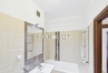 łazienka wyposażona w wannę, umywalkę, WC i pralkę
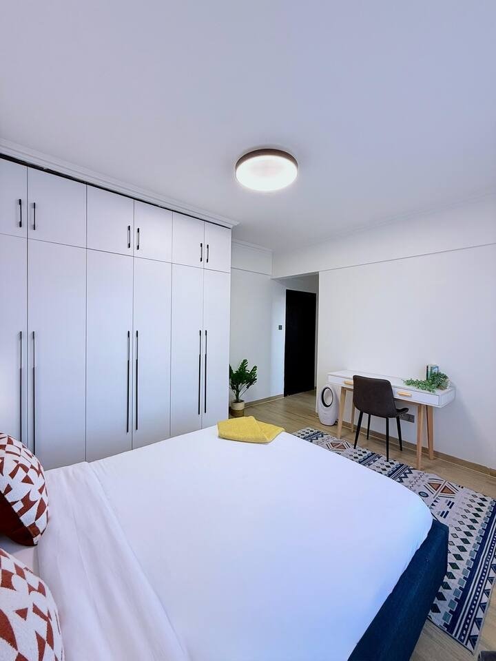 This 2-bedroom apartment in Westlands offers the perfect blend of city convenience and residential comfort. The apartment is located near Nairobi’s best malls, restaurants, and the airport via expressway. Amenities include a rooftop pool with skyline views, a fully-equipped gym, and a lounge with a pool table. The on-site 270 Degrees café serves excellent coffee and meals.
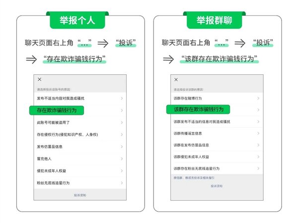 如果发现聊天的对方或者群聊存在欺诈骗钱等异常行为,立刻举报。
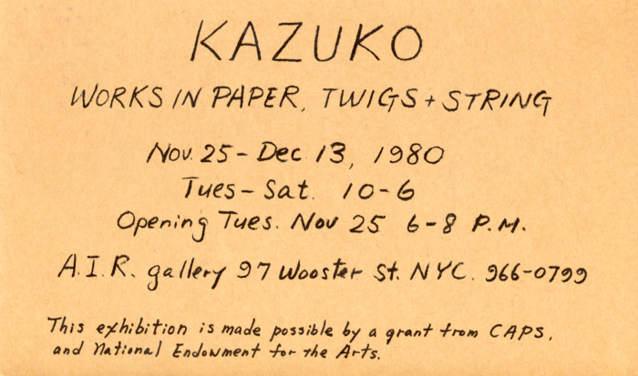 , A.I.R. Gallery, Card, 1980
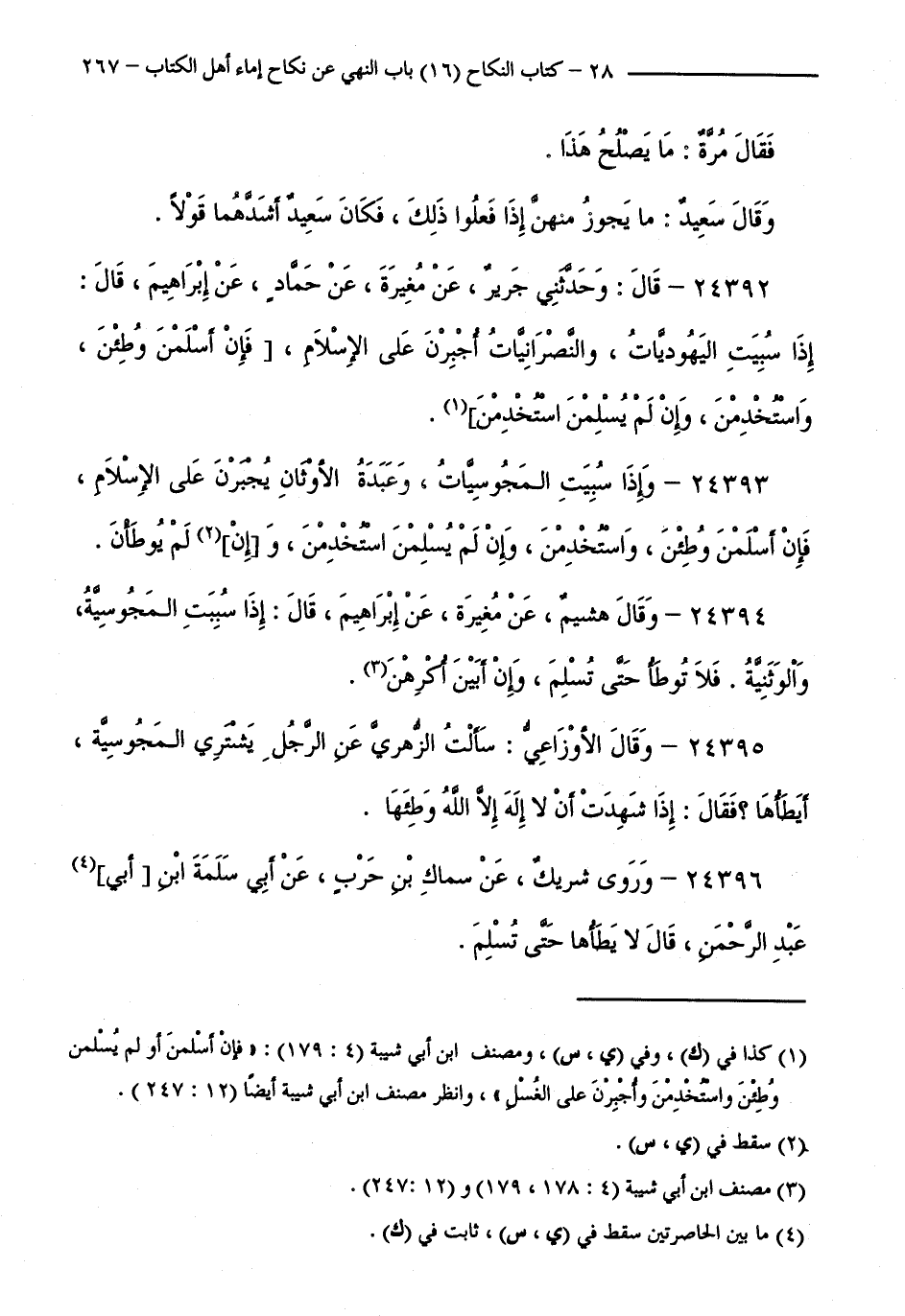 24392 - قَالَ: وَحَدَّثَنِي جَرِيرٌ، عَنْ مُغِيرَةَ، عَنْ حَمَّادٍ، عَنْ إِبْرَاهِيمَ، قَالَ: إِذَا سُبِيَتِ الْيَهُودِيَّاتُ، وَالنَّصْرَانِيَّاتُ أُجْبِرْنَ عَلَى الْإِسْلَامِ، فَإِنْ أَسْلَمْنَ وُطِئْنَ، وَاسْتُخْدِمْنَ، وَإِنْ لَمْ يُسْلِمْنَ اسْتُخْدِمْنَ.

________________________

Task description → Give the data again word for word, without pictures.

Answer section →
 łazienka wyposażona w wannę, umywalkę, WC i pralkę
 This 2-bedroom apartment in Westlands offers the perfect blend of city convenience and residential comfort. The apartment is located near Nairobi’s best malls, restaurants, and the airport via expressway. Amenities include a rooftop pool with skyline views, a fully-equipped gym, and a lounge with a pool table. The on-site 270 Degrees café serves excellent coffee and meals.
 如果发现聊天的对方或者群聊存在欺诈骗钱等异常行为,立刻举报。
 , A.I.R. Gallery, Card, 1980
 24392 - قَالَ: وَحَدَّثَنِي جَرِيرٌ، عَنْ مُغِيرَةَ، عَنْ حَمَّادٍ، عَنْ إِبْرَاهِيمَ، قَالَ: إِذَا سُبِيَتِ الْيَهُودِيَّاتُ، وَالنَّصْرَانِيَّاتُ أُجْبِرْنَ عَلَى الْإِسْلَامِ، فَإِنْ أَسْلَمْنَ وُطِئْنَ، وَاسْتُخْدِمْنَ، وَإِنْ لَمْ يُسْلِمْنَ اسْتُخْدِمْنَ.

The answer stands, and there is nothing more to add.